Below is a listing; print exactly its lines from the one containing "O Sintest/RN esteve" down to the one containing "Para preparar la", both inclusive, with every picture left out.

(Input records Opens)

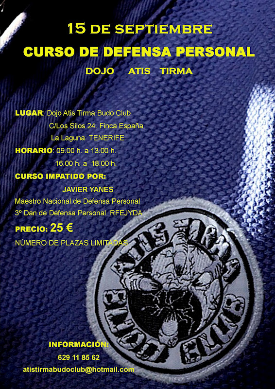 NOTA IMPORTANTE: Debido a la gran acogida del Curso de Defensa Personal de este sábado día 10 de marzo, se amplía el plazo de inscripción del mismo hasta mañana viernes por la noche, y trasladamos, debido al espacio limitado, la celebración del curso a las instalaciones del GIMNASIO VISTABELLA, en al calle La Milagrosa, nº 24, La Cuesta - La Laguna. Anímense todos aquellos que se habían quedado con ganas!!
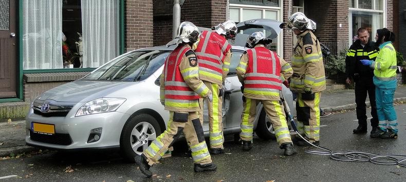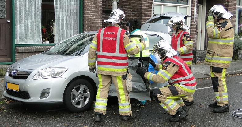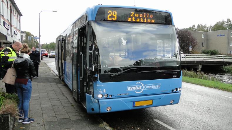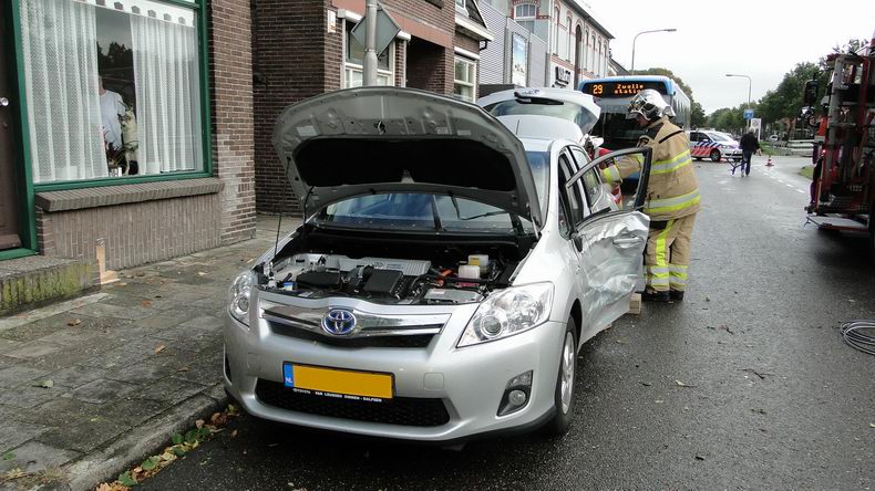 | Rond kwart voor twaalf donderdagmorgen werd de brandweer van Dedemsvaart opgeroepen vanwege een verkeersongeval. Ver hoefde men niet te rijden: het ongeval was op een steenworp van de kazerne gebeurd: op de kruising van de Sportlaan met de Hoofdvaart. De bestuurster van een Toyota Auris hybride-auto, die uit de richting van het centrum kwam, had verzuimd voorrang te verlenen aan een Syntus lijnbus, die van de Sportlaan de Hoofdvaart op reed. De bus raakte de Toyota in de flank ter hoogte van de bestuurstersstoel, waardoor het voorportier klem kwam te zitten. Aan de brandweer de taak de deur los te wrikken. Dat lukte met een hydraulische spreider, waarna de bestuurster uit kon stappen en voor onderzoek naar de ambulance liep. De buschauffeur moest vanwege de schade (twee kapotte ruitjes rechts-voor en de gedeukte bumper) de rit naar Zwolle afbreken, waarop een collega de rit met een andere bus overnam. |
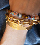 Customize up to three sets of initials in a circle monogram font on our newly designed three-sided ID bracelet. This carefully crafted piece offers both a personalized touch and triple the space for engraving 1, 2, or 3 sets initials of your favorite people.
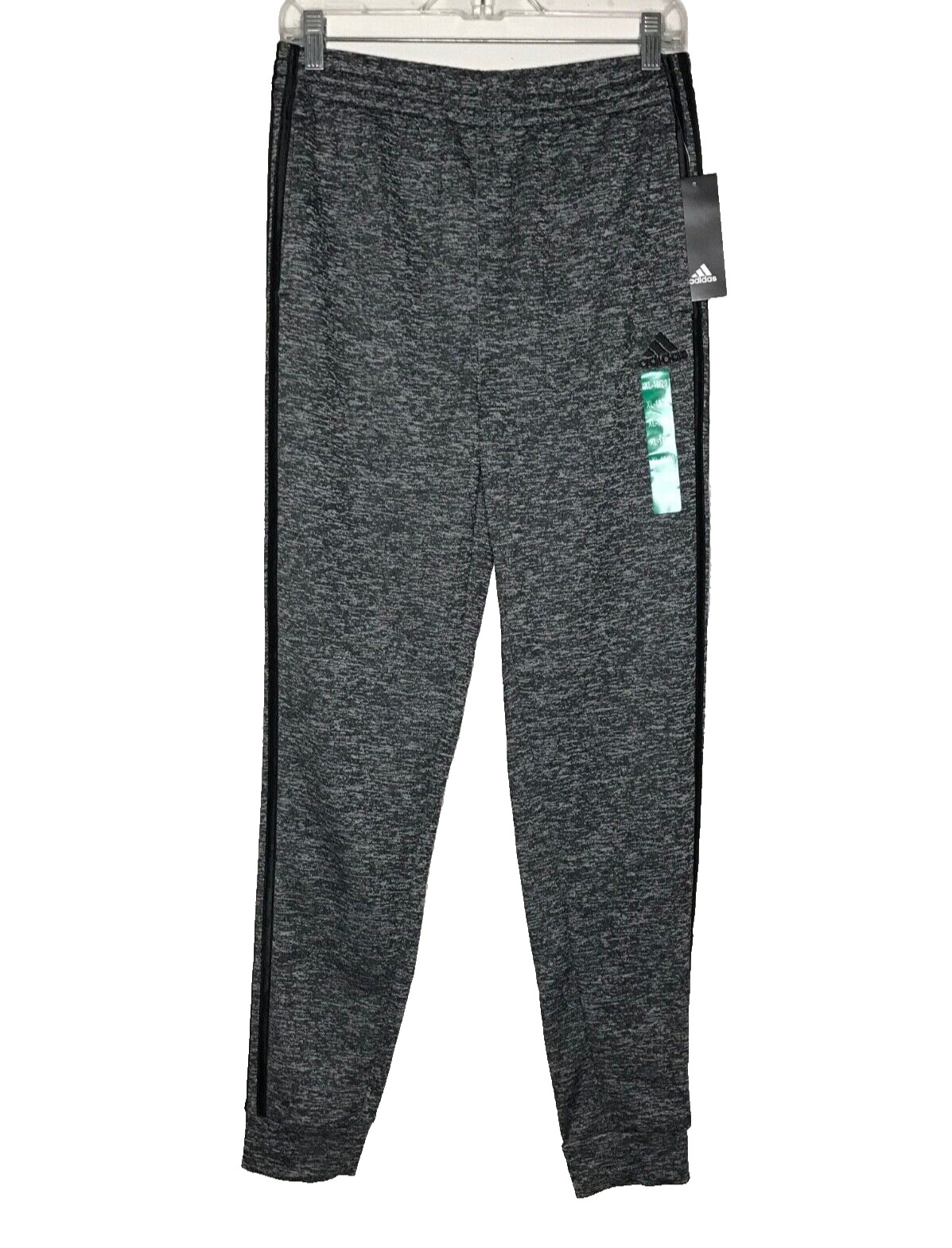 Adidas Jogger Pants Boys Youth XL 18/20 Heather Gray Black 3 Stripe
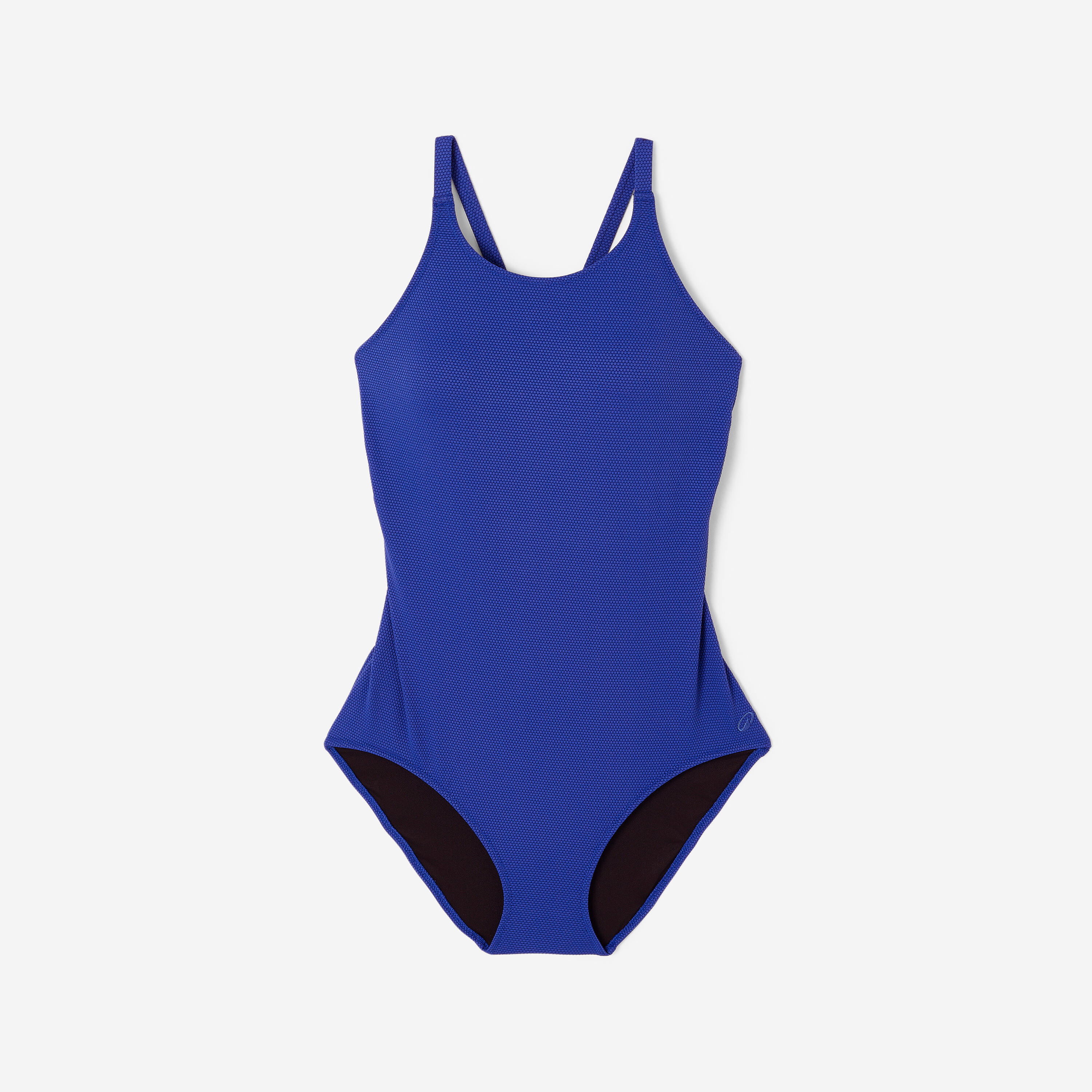 This 1-piece swimsuit has a criss-cross back with thin, adjustable straps, a high neckline and a built-in bra.
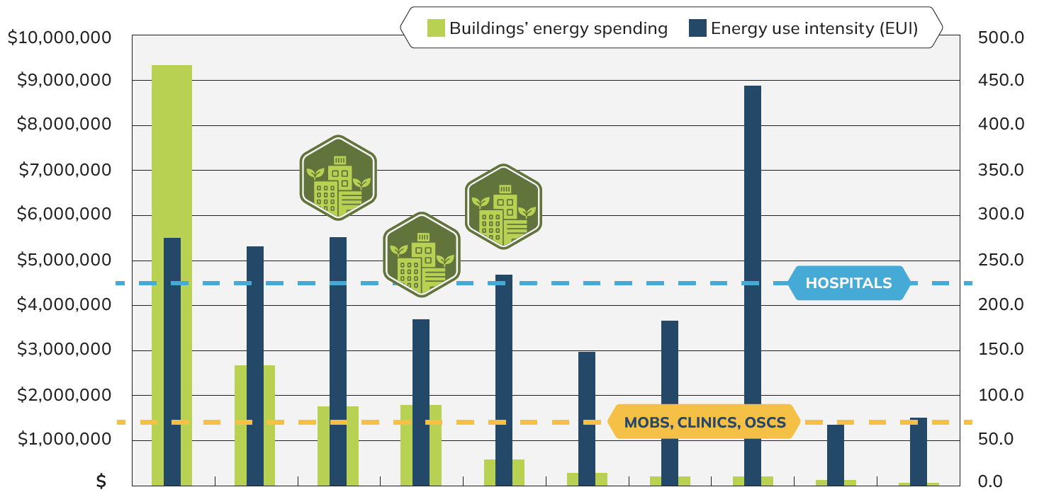 In the chart, green hexagons mark the three chosen buildings. Green bars represent each building's energy spend, while blue bars indicate the building's energy use intensity (EUI) compared to the average hospital and clinic in the same climate zone, shown as blue and orange dashed lines.
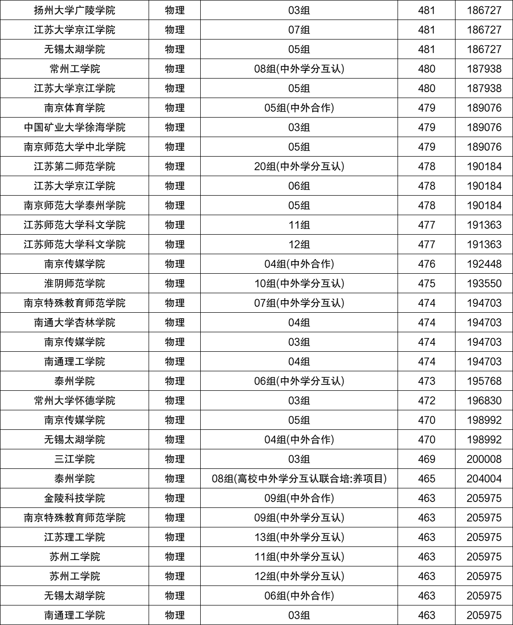 2、江苏物理类本科线:463分
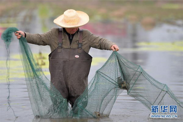 在湖南省南縣一處稻蝦蟹綜合種養(yǎng)基地,農(nóng)戶(hù)在捕收蝦蟹(3月13日攝)。新華社發(fā)(陳澤國(guó) 攝)
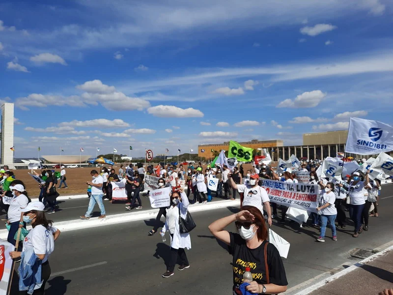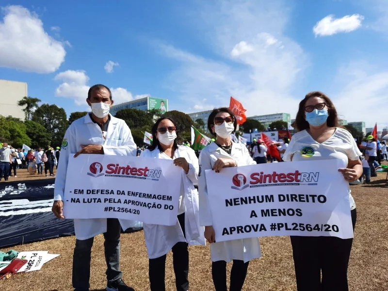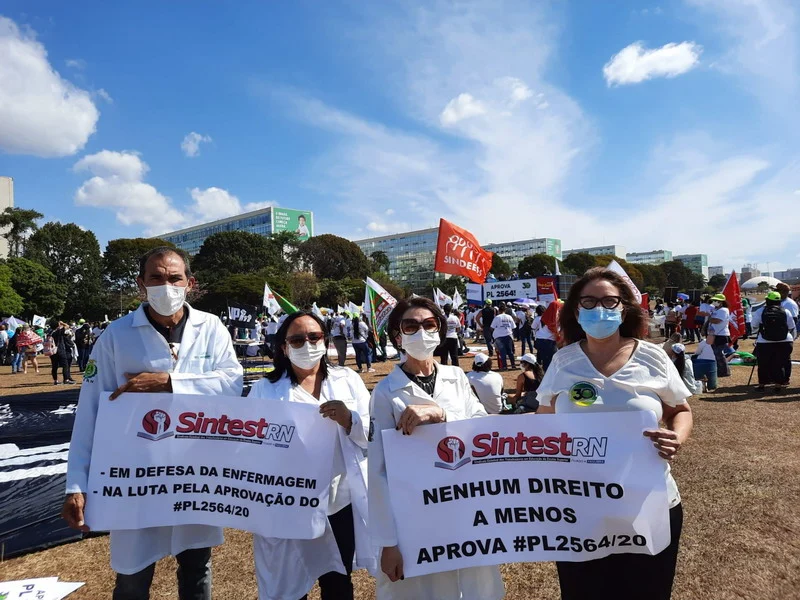 O Sintest/RN esteve presente na mobilização nacional em Brasília pela aprovação do PL 2564/2020 que trata do piso salarial e jornada digna para o profissionais de Enfermagem do Brasil.
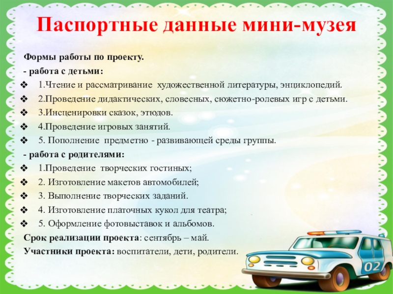 Срок реализации проекта: сентябрь – май.
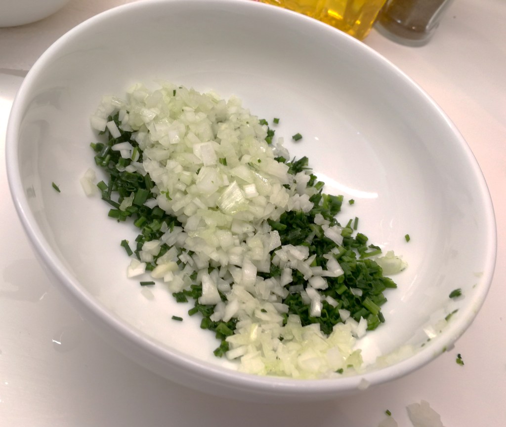 Para preparar la vinagreta (opcional) tostamos los piñones, pelamos los tomates, les quitamos las pepitas y los cortamos en daditos, picamos la cebolleta, el cebollino y mezclamos todos los ingredientes con aceite y el vinagre de Jerez.
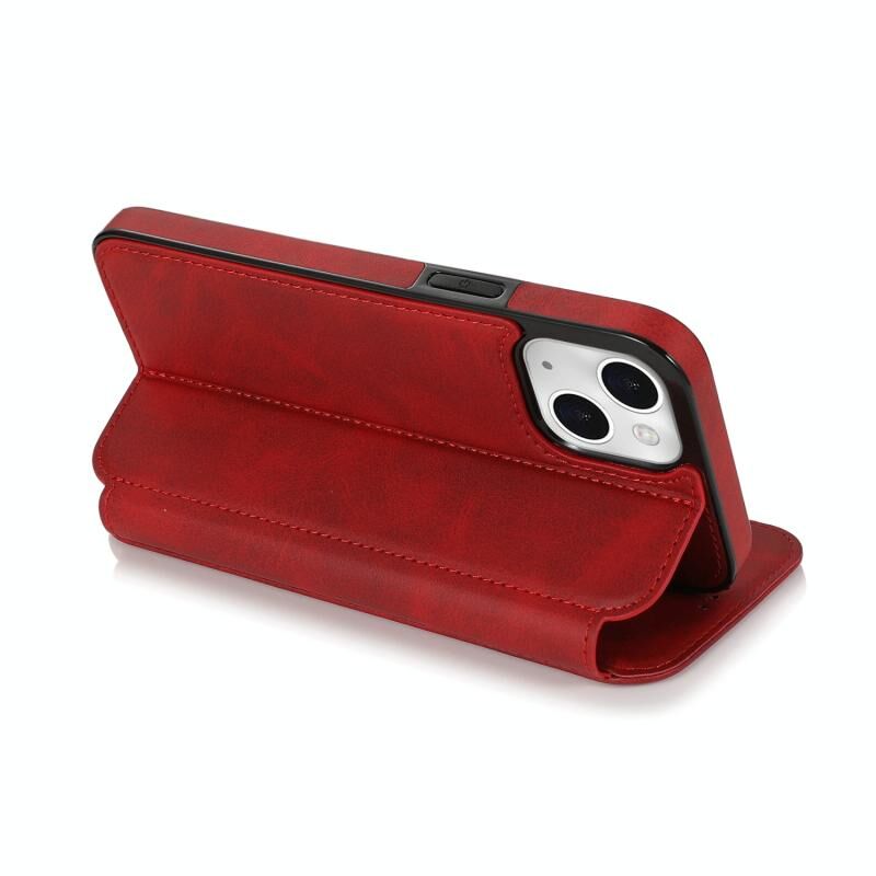 For iPhone 13 Strong Magnetic Closure PU + TPU Leather Case with Card Slots & Holder(Red)
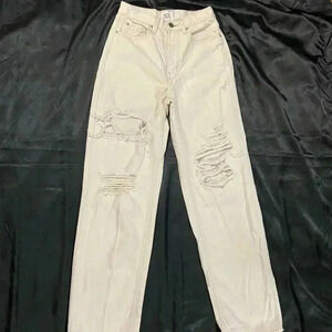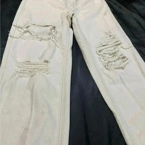 🎈BDG Y2K High waisted distressed baggy cream jeans
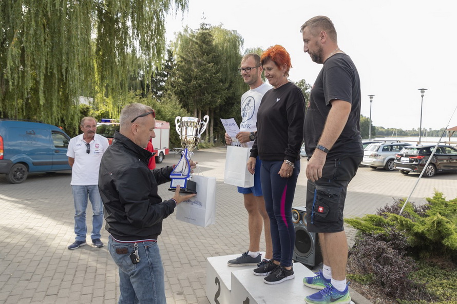 fot.: Burmistrz Sępólna Krajeńskiego Waldemar Stupałkowski wręcza załodze reprezentującej Gminę Żnin - Puchar Marszałka Województwa Kujawsko-Pomorskiego
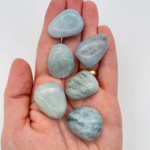 Denne fine akvamarin er en blid og opløftende krystal, som åbner for ro, klarhed og kommunikation. Den forbindes ofte med havets energi og giver en følelse af friskhed, lethed og flow. Akvamarin dæmper stress, hjælper til at slippe bekymringer og giver mod til at stå frem med sin egen sandhed. At holde en Akvamarin i hånden føles som at dykke ned i klart, stille vand. Energien fra krystallen køler, renser og bringer ro i sindet. Akvamarin er særligt kendt som kommunikationssten. Den styrker evnen til at tale klart, ærligt og fra hjertet. Men den rækker længere end blot kommunikation. Akvamarin hjælper med at berolige sindet og slippe gamle mønstre af frygt og bekymring. Den dæmper angst og giver følelsen af tryghed. Den inviterer til at gå med livets strøm frem for at kæmpe imod, og den hjælper til at se udfordringer fra et mere roligt og balanceret perspektiv. Akvamarin håndpolerede lommesten sælges uspecificeret Prisen er for én

(Input records Closes)

▶ _Result for this exercise_
 O Sintest/RN esteve presente na mobilização nacional em Brasília pela aprovação do PL 2564/2020 que trata do piso salarial e jornada digna para o profissionais de Enfermagem do Brasil.
 Срок реализации проекта: сентябрь – май.
 Para preparar la vinagreta (opcional) tostamos los piñones, pelamos los tomates, les quitamos las pepitas y los cortamos en daditos, picamos la cebolleta, el cebollino y mezclamos todos los ingredientes con aceite y el vinagre de Jerez.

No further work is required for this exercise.